Issue: Volume 96, Number 3

Posted: 27 February 2017
Reference #: 1H9d6A

Students from Carlson School for Cerebral Palsy made an amphibious chair from used plastic items and filmed an award-winning advertisement to tell the world about it.

“You may ask yourself, who would want a wheelchair like this?” begins the voiceover to the advertisement for the Aqua Rider.

It’s not such a crazy question, as it turns out. The custom-made chair is able to go off-road – that is, into the water. It’s made entirely from an assortment of plastic bottles and a few rolls of duct tape and makes an enviable pool-lounger. And its clever design and marketing won Room 5 students at Auckland’s Carlson School for Cerebral Palsy a Fair Go Ad Award late in 2016.

The students were inspired to enter the Fair Go Ad Awards by their teacher Susan Gauchi.

“We had entered a competition called ‘Focus on Ability’ earlier in the year, and won second place,” says Susan. “I was watching Fair Go one evening and the Ad Awards were mentioned, and I thought it would make a fun challenge for us.”

“The next day, I showed the students and they were very keen to get started.”

The theme of the 2016 Fair Go Ad Awards was ‘Rubbish Revolution.’ Entrants were asked to make a product from plastic items that would otherwise be thrown away.
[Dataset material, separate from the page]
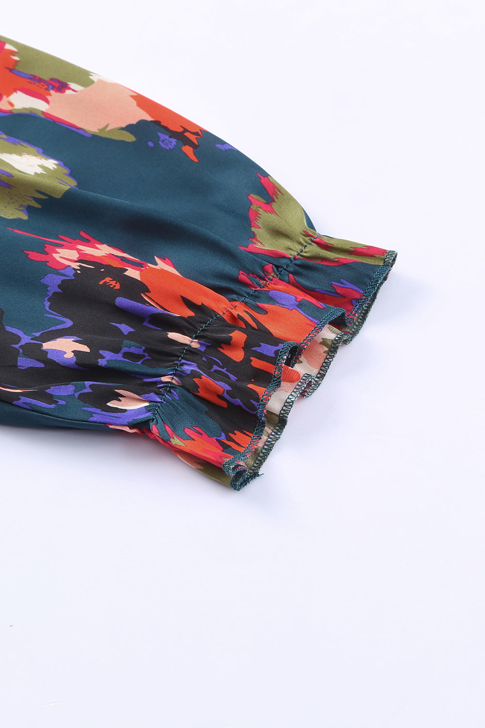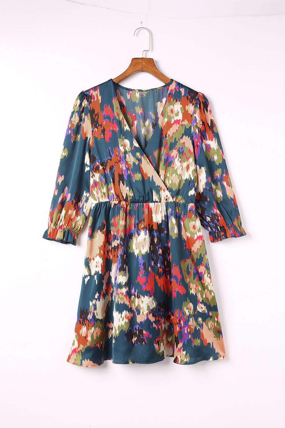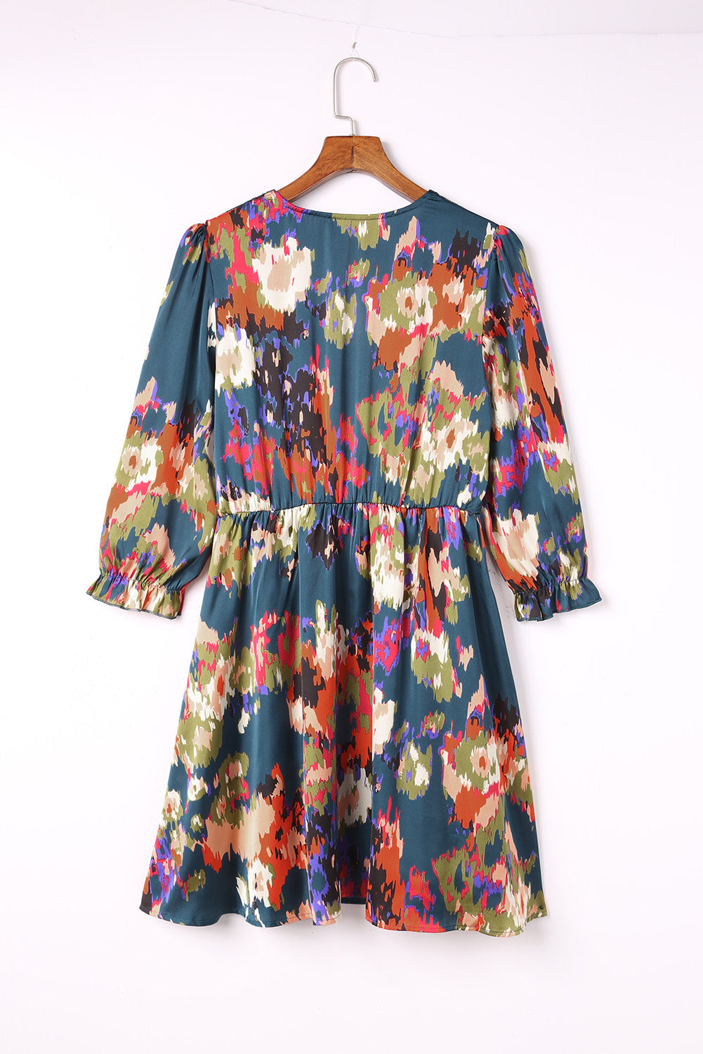 Green Abstract Print V Neck Puff Sleeve A-line Dress

They then had to create and film an advertisement for the product.

“So we discussed what we were going to make out of plastic and we came up with the idea of a wheelchair,” says Susan.
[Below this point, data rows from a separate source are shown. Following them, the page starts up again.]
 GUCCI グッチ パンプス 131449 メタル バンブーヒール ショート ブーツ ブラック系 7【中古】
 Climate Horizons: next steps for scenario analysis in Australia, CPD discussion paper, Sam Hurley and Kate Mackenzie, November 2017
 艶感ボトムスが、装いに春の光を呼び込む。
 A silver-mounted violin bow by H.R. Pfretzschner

“We had to figure out how it was going to sit upright, and we wanted it to float, too. To get inspired to make the ad, we watched some beach scenes on YouTube.”

The chair’s back and armrests were the most challenging to construct, but Susan says the boys’ enthusiasm for the project saw them breeze through the practical difficulties.

Susan and the students received some technical support from the school caretaker, who once worked in the advertising industry.

“He gave us some tips on camera angles and editing. We tried to fit as much information into the clip as possible,” she says.

The boys’ Aqua Rider advertisement won first prize in the student category, which amounted to $14,000. But the real prize was the boost to their confidence and enthusiasm in the field of filmmaking.

“They have a real can-do attitude – we’re hoping to make an additional four short films this year, which should keep us very busy.”

The Aqua Rider advertisement can be viewed on the TVNZ website(external link) (from 1min, 30 seconds).

Student voices

“It was nice seeing myself on TV. My favourite part of winning the competition was having people from the public congratulate me on the win.” – Ronnie Tua

“I laughed when I saw myself on TV and so did my family, but I don’t enjoy being famous!” – Miracle Falalou.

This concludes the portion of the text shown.